His words were cut off as the ship heaved. By sheer luck, the two outlaws managed to stay on their feet. Bracing herself against the wall, Mack said, “Thank the Unseen Brilliance for bored prisoners.”
“Technically, I’m the chief science officer,” said Trunk.
Mack gaped at him, momentarily struck dumb.
“Wait,” she stammered. “You’re…”
Trunk held out his hand. “Penner Trunk,” he said. “Foremost expert on astrolunar humanoid pesceforms and press-ganged scientific consultant.”
Mack gripped his hand. “Mack Netoya Tosh,” she said. “Space pirate.”
The moment was derailed by echoing footsteps clattering toward them. Trunk and Mack braced for combat, but relaxed when they realized it was Trad. It took a moment for them to realize what he was shouting at them.
“Brace! Take cover! We’re going to crash!”
“Into the suite,” she ordered, tightening her grip on Trunk’s hand and grabbing Trad above the elbow as soon as he was near enough. “Come on!”

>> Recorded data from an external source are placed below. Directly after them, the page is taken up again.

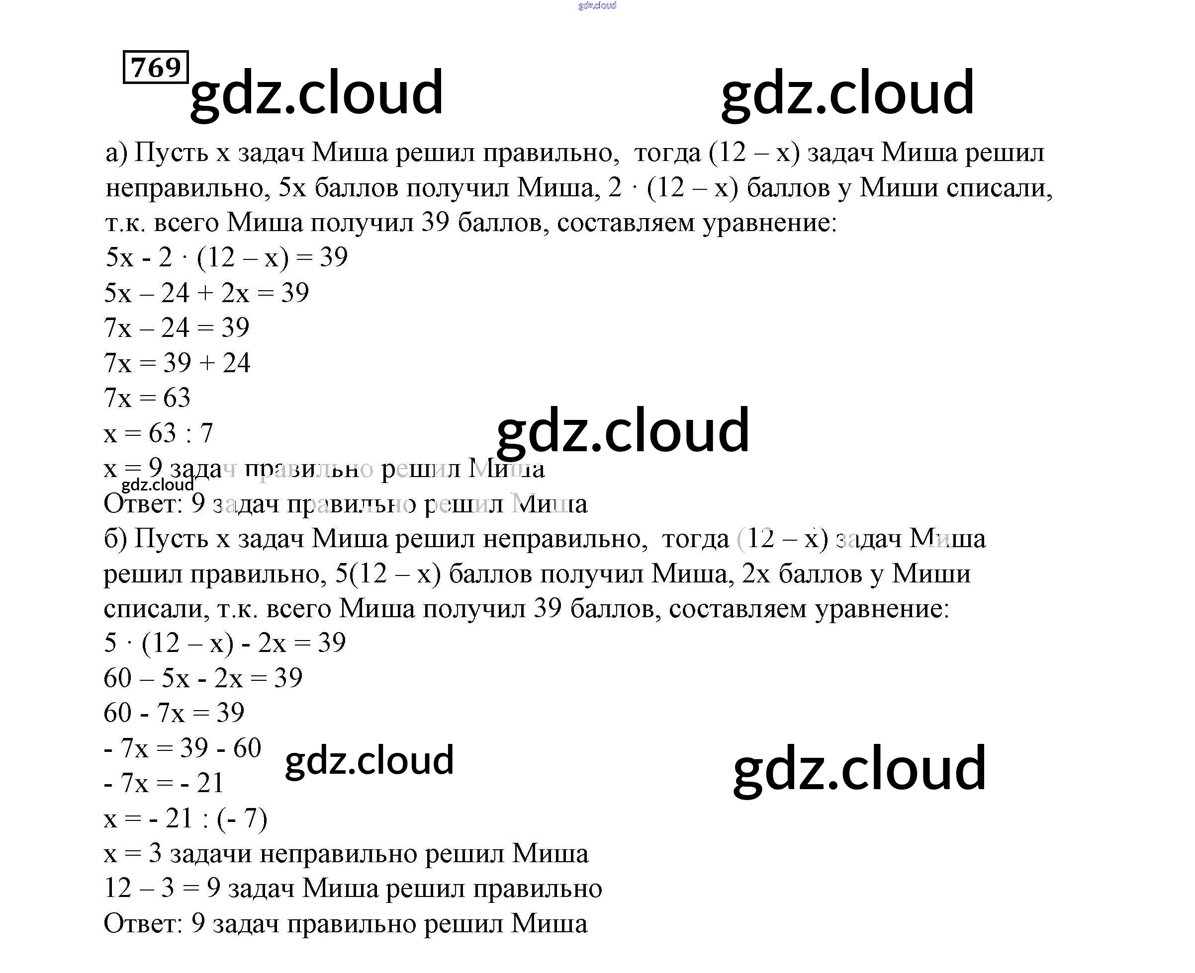 Ответ на задание 769 Учебник Математика за 6 (шестой) класс Истомина 2015 ФГОС онлайн и без номера телефона.
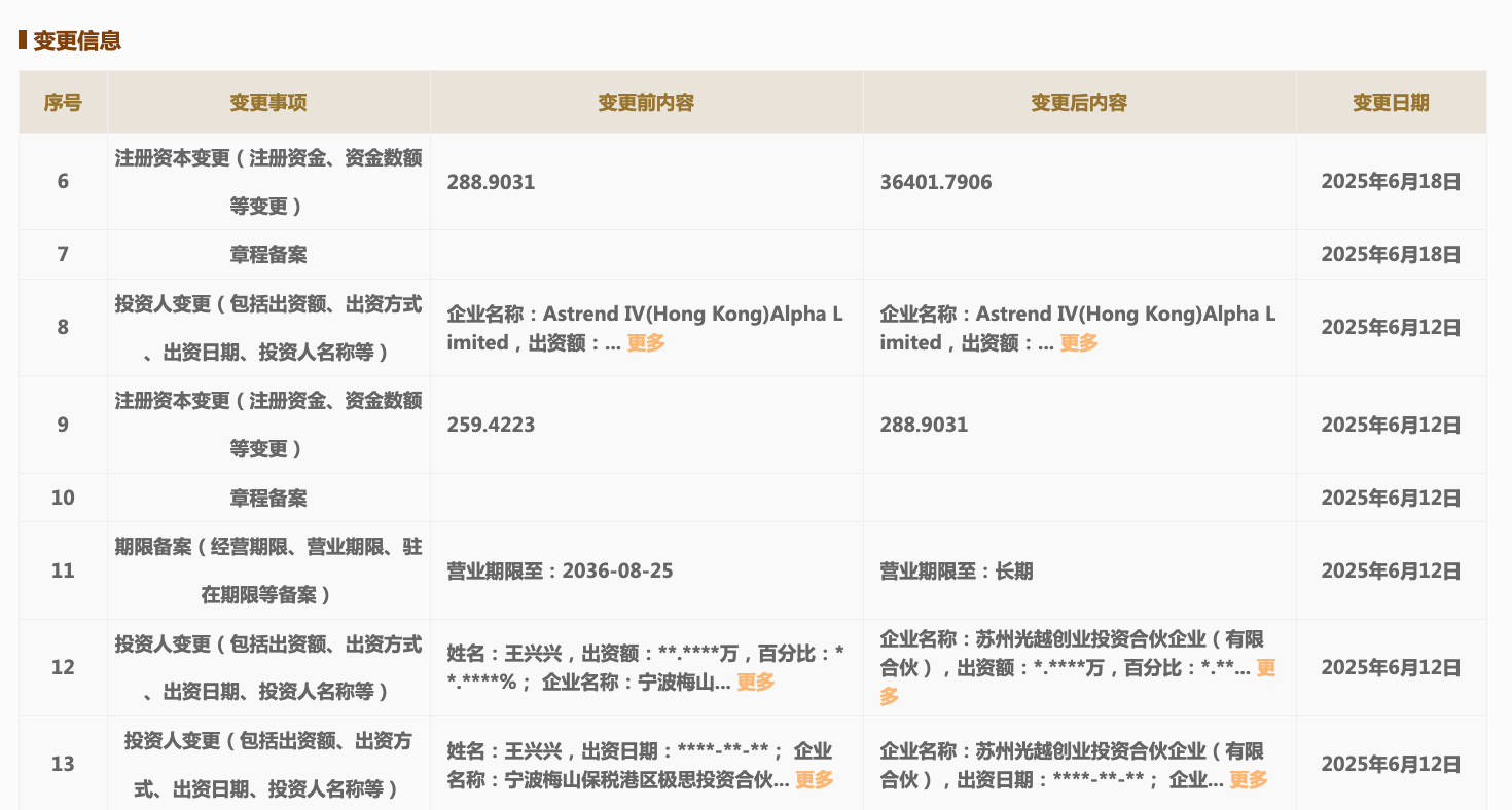 国家企业信用信息公示系统网站显示,6月12日,杭州宇树科技股份有限公司注册资本发生变更,由259.4223万元(人民币,下同)变更为288.9031万元,营业期限也变更为长期。6月18日,注册资本再次变更为36401.7906万元。
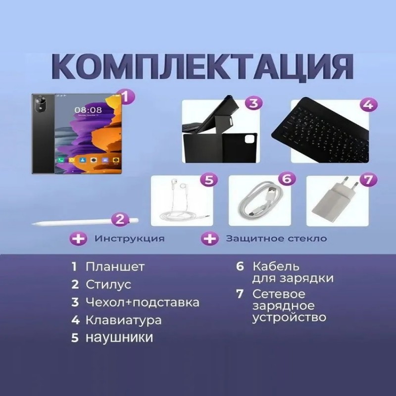 КомплектацияЗакаленная пленка Емкостное перо Подставка для планшета Зарядное устройство Кабель для передачи данных Кабель для наушников
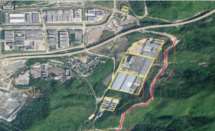 圖 1左上角為比例尺。黃色區(qū)域?yàn)槿丝诜植紖^(qū),紅色為管線走向,藍(lán)色為3×10-5個(gè)人風(fēng)險(xiǎn)等值線,粉色為1×10-5個(gè)人風(fēng)險(xiǎn)等值線,橙色為3×10-6個(gè)人風(fēng)險(xiǎn)等值線。
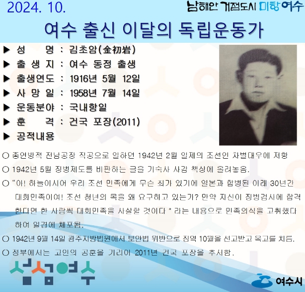![]() 10월의 독립운동가로 여수 동정 태생 ‘김초암(金初岩) 선생’을 선정했다. |

They piled into Trunk’s rooms and pushed the door shut.
“Desk!” Mack barked.
As one, they grabbed the imitation-mahogany desk, and as one they gave silent thanks that it wasn’t bolted to the wall. With the strength borne of desperation, they tugged it across the room, sending Trunk’s various notes and tablets cascading to the floor. Finally, they pulled it nearly to the opposite wall—the one closest to the bridge—with just enough of a gap for their three bodies to fit through.
They ducked into the hollow of the desk, where the chair was meant to be tucked. It was a tight fit, but the three of them knew they wouldn’t have to endure it for long—one way or the other.
“Everybody brace!” Mack ordered at last.
“Mack!” said Trad, much too loudly. There was something he had to say, before the inevitable.
“Whatever happens next, thank—”
There was a crash, so loud it seemed to tear at the fabric of reality. Trad could never have imagined such a sound, if he lived to the end of the Universe. His body lurched, and his world went white.